Extracting the Vocals Track
Unlike vocal removal where we mix the instrumental tracks, here we simply keep only the vocals:
// Create audio buffer from vocals only
const vocalBuffer = audioContext.createBuffer(
2,
result.vocals.left.length,
44100
);
vocalBuffer.copyToChannel(result.vocals.left, 0);
vocalBuffer.copyToChannel(result.vocals.right, 1);
This creates a stereo audio buffer containing only the isolated vocals.
Deep Dive: The DemucsProcessor Class
Let's examine how the DemucsProcessor class works. This is the heart of the AI processing.
Model Loading with Progress Tracking
async loadModel(modelPathOrBuffer) {
if (!this.ort) {
throw new Error('ONNX Runtime not provided. Pass ort in constructor options.');
}
this.onLog('model', 'Loading model...');
let modelBuffer;
if (modelPathOrBuffer instanceof ArrayBuffer) {
modelBuffer = modelPathOrBuffer;
} else {
const response = await fetch(modelPathOrBuffer || this.modelPath);
// Check if we can track progress
const contentLength = response.headers.get('Content-Length');
if (contentLength && response.body) {
const totalSize = parseInt(contentLength, 10);
const reader = response.body.getReader();
const chunks = [];
let loadedSize = 0;
while (true) {
const { done, value } = await reader.read();
if (done) break;
chunks.push(value);
loadedSize += value.length;
this.onDownloadProgress(loadedSize, totalSize);
}
// Combine chunks into single ArrayBuffer
const combined = new Uint8Array(loadedSize);
let offset = 0;
for (const chunk of chunks) {
combined.set(chunk, offset);
offset += chunk.length;
}
modelBuffer = combined.buffer;
} else {
// Fallback: no progress tracking
modelBuffer = await response.arrayBuffer();
}
}
const defaultSessionOptions = {
executionProviders: ['webgpu', 'wasm'],
graphOptimizationLevel: 'basic'
};
this.session = await this.ort.InferenceSession.create(modelBuffer, {
...defaultSessionOptions,
...this.sessionOptions
});
this.onLog('model', 'Model loaded successfully');
return this.session;
}
The model loading uses the Streams API to track download progress, giving users visual feedback during the ~170MB download.
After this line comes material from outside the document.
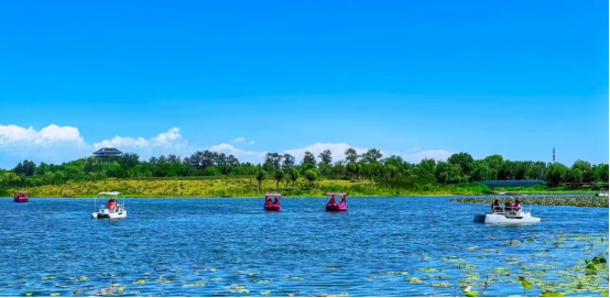 南苑森林湿地公园上林湖游船开航啦,船行碧波,望东土山畔,燕景台凌空而起,偶遇“泡子湿地”的鹭影翩跹,感受“南囿春风”的千年风韵。
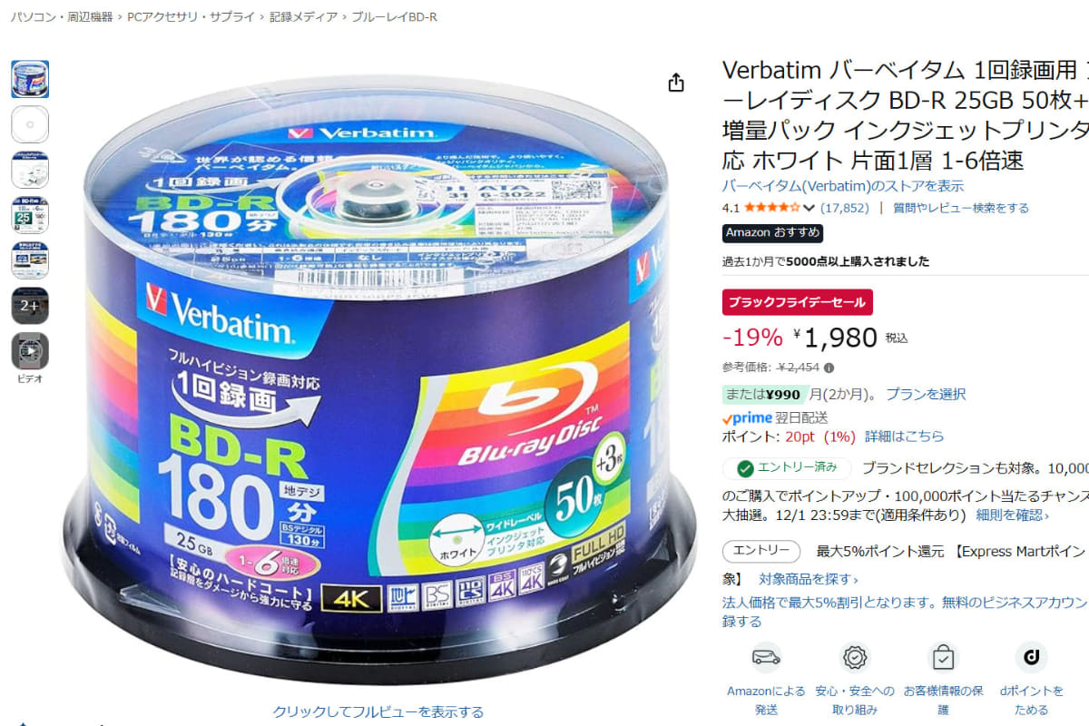 バーベイタム録画用BD×53枚が1980円に。Amazonブラックフライデー

It configures ONNX Runtime to use WebGPU for GPU acceleration (falling back to WASM if unavailable).
The Separation Algorithm
The separate method processes audio in overlapping segments:
async separate(leftChannel, rightChannel) {
if (!this.session) {
throw new Error('Model not loaded. Call loadModel() first.');
}
const totalSamples = leftChannel.length;
const stride = Math.floor(TRAINING_SAMPLES * (1 - SEGMENT_OVERLAP));
const numSegments = Math.ceil((totalSamples - TRAINING_SAMPLES) / stride) + 1;
const outputs = TRACKS.map(() => ({
left: new Float32Array(totalSamples),
right: new Float32Array(totalSamples)
}));
const weights = new Float32Array(totalSamples);
let segmentIdx = 0;
for (let start = 0; start < totalSamples; start += stride) {
const end = Math.min(start + TRAINING_SAMPLES, totalSamples);
const segmentLength = end - start;
const segLeft = new Float32Array(TRAINING_SAMPLES);
const segRight = new Float32Array(TRAINING_SAMPLES);
for (let i = 0; i < segmentLength; i++) {
segLeft[i] = leftChannel[start + i];
segRight[i] = rightChannel[start + i];
}
const input = prepareModelInput(segLeft, segRight);
const waveformTensor = new this.ort.Tensor('float32', input.waveform, [1, 2, TRAINING_SAMPLES]);
const magSpecTensor = new this.ort.Tensor('float32', input.magSpec, [1, 4, MODEL_SPEC_BINS, MODEL_SPEC_FRAMES]);
const feeds = {};
feeds[this.session.inputNames[0]] = waveformTensor;
if (this.session.inputNames.length > 1) {
feeds[this.session.inputNames[1]] = magSpecTensor;
}
const inferResults = await this.session.run(feeds);
// ... process outputs
segmentIdx++;
this.onProgress({
progress: segmentIdx / numSegments,
currentSegment: segmentIdx,
totalSegments: numSegments
});
}
// Normalize by weights
for (let t = 0; t < TRACKS.length; t++) {
for (let i = 0; i < totalSamples; i++) {
if (weights[i] > 0) {
outputs[t].left[i] /= weights[i];
outputs[t].right[i] /= weights[i];
}
}
}
return {
drums: outputs[0],
bass: outputs[1],
other: outputs[2],
vocals: outputs[3]
};
}
Key aspects of this algorithm:
- Segmentation: Long audio is split into overlapping segments (343,980 samples each with 25% overlap)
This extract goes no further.